• [Data shown]
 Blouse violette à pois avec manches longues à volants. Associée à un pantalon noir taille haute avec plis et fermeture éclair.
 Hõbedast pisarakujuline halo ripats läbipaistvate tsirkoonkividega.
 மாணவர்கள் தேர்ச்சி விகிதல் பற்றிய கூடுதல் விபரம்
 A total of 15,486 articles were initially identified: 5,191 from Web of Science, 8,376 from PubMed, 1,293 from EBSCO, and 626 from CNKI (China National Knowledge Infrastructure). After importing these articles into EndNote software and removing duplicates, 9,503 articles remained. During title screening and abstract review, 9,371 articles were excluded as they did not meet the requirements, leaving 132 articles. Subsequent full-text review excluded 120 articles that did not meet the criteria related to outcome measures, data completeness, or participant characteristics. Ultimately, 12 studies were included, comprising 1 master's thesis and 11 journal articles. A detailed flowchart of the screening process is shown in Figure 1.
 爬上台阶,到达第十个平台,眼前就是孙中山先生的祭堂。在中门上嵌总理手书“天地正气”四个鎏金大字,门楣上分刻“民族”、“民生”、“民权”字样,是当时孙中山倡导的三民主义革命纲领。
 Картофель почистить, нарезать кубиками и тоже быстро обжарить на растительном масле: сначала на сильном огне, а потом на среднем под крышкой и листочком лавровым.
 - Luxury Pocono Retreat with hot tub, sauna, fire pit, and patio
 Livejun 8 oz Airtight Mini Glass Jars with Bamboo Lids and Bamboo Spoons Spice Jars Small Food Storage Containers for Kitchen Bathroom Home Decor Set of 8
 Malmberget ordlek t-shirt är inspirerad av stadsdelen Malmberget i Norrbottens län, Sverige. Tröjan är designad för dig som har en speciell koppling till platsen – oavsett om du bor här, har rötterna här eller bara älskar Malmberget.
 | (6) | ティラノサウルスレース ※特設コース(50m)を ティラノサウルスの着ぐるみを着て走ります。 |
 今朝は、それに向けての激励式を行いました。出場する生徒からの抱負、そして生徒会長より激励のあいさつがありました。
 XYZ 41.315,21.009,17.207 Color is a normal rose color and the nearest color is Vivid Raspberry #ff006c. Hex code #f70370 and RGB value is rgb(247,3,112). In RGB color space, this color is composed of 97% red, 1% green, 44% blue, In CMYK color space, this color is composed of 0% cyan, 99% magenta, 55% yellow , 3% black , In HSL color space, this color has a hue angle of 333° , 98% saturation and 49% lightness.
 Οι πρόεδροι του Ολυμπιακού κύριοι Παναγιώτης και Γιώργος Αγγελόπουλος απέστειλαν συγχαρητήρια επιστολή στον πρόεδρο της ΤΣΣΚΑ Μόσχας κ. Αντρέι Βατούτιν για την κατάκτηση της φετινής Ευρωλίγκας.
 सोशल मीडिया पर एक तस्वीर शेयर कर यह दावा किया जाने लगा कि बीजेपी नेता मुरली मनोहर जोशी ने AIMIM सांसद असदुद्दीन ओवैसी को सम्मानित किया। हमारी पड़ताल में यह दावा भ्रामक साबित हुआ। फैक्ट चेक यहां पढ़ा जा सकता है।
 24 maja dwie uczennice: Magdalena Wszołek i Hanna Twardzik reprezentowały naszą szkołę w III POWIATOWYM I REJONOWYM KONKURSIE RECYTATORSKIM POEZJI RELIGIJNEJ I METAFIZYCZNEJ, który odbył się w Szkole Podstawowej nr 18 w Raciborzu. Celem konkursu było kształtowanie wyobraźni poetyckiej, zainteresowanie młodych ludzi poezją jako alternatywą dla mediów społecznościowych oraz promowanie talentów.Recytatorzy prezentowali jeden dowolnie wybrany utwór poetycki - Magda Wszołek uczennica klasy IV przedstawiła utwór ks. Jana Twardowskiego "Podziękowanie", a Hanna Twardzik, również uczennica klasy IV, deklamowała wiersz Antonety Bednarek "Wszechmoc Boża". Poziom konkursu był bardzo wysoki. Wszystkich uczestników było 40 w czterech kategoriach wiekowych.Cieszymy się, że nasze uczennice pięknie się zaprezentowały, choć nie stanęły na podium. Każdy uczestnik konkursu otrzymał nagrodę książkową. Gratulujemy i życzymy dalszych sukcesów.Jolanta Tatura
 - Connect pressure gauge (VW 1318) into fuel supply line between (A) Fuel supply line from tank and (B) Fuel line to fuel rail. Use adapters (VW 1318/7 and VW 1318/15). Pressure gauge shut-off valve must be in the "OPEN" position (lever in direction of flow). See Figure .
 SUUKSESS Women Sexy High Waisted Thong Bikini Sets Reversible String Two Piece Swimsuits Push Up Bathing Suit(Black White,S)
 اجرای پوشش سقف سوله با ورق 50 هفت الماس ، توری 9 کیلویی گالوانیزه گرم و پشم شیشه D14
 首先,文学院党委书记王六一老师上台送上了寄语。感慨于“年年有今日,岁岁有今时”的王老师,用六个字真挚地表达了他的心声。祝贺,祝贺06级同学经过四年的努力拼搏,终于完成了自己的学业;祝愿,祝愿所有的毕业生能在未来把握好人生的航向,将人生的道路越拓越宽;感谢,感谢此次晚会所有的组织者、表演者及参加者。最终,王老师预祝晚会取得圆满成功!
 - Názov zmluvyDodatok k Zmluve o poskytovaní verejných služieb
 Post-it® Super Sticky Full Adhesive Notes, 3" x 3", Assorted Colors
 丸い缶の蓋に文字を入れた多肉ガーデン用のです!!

• [Work task]
In the listing above, locate the line containing "Οι πρόεδροι του" and the line containing "सोशल मीडिया पर", then transcribe both and every line between them verbatim.

• [Result]
 Οι πρόεδροι του Ολυμπιακού κύριοι Παναγιώτης και Γιώργος Αγγελόπουλος απέστειλαν συγχαρητήρια επιστολή στον πρόεδρο της ΤΣΣΚΑ Μόσχας κ. Αντρέι Βατούτιν για την κατάκτηση της φετινής Ευρωλίγκας.
 सोशल मीडिया पर एक तस्वीर शेयर कर यह दावा किया जाने लगा कि बीजेपी नेता मुरली मनोहर जोशी ने AIMIM सांसद असदुद्दीन ओवैसी को सम्मानित किया। हमारी पड़ताल में यह दावा भ्रामक साबित हुआ। फैक्ट चेक यहां पढ़ा जा सकता है।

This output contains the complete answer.